RavenDB’s Effective Use of Zstd
We can finally talk about RavenDB’s Documents Compression feature. RavenDB is not the only database that uses Zstd. It isn’t even the only document-oriented database that uses Zstd – MongoDB does as well. However, more than two years after they introduced Zstd in version 4.2, MongoDB still isn’t making use of Zstd’s dictionary training capabilities.
RavenDB applies compression to one collection of documents at a time. RavenDB trains Zstd on the first few documents to create a dictionary, and that dictionary is then used to compress all further data that enters the collection.
Better yet, the database monitors the compression ratio of new documents. If the ratio falls below a certain threshold, RavenDB automatically trains a new dictionary on the most recently modified documents in the collection. If this new dictionary performs better than the last one, it replaces it. This means new data entering the collection continues to be compressed with no interruption, and the compression ratio remains above the threshold.
This entire process is transparent to the user. All you need to do is choose which collections to compress, and RavenDB does the rest. Zstd compression can also be applied to all document revisions in the database. Revisions are a record of every change made to every document in a database.
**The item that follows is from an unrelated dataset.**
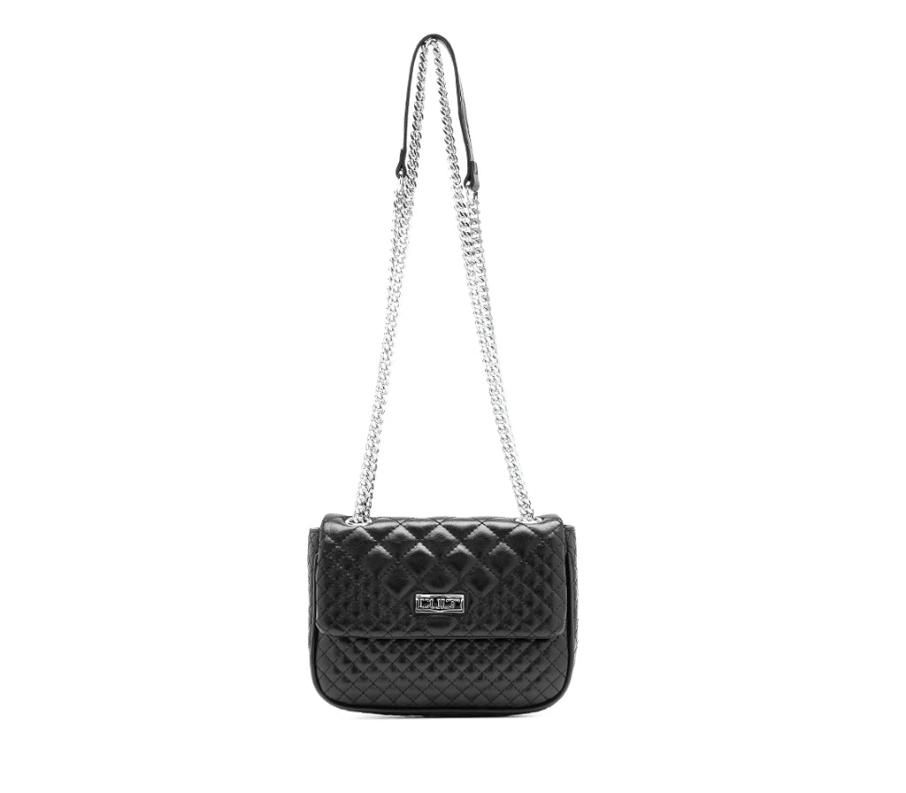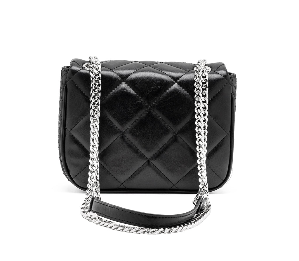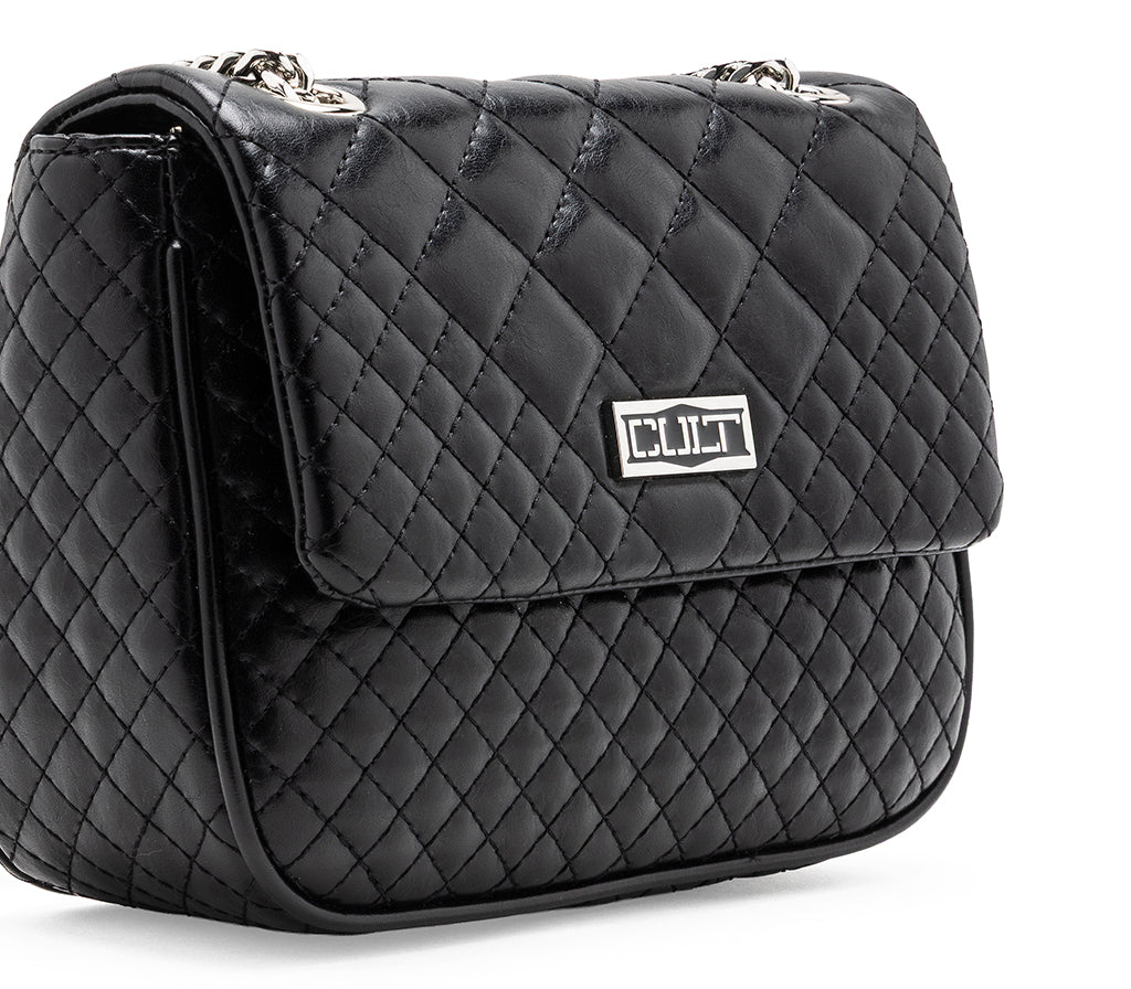 Un'icona di stile che non passa inosservata: la nuova borsa a tracolla con patta firmata Cult per la stagione SS26 eleva l'anima glam-rock del brand con un'elegante lavorazione trapuntata a diamante. Realizzata in morbida ecopelle nera, questa borsa fonde un'estetica sofisticata con dettagli grintosi, rendendola l'accessorio perfetto per chi cerca un look audace, cool ma dal tocco romantico. La pattina frontale presenta con l'iconica placca logo metallica CULT in argento, mentre la tracolla è caratterizzata da un'elegante catena metallica con inserto in ecopelle per il massimo comfort e uno stile deciso. La chiusura, pratica e sicura è ideale per custodire i tuoi essenziali con attitudine. Dimensioni: 22x16,5x9.

They provide a way to track your data’s past, allowing you to restore old data or recover from an unexpected server failure.
Hopefully, this article gave you some insight into compression, both in general and in the context of database engines. And now you understand how RavenDB provides efficient compression for a wide range of scenarios, all with minimum fuss. It is one of the only major databases that have been this carefully designed with compression in mind. You can also see how a database’s choice of algorithm can be crucial: both to its own capabilities and to how the user can take advantage of it.
There are many free compression technologies available. But whenever you add something to your stack, it can easily result in unexpected compatibility issues. If you choose your database wisely, you won’t have to figure out compression on your own or pay through the nose for cloud resources. RavenDB’s mission in life is to give you ease and peace of mind. You can focus on your product, knowing that the data is well taken care of at the backend.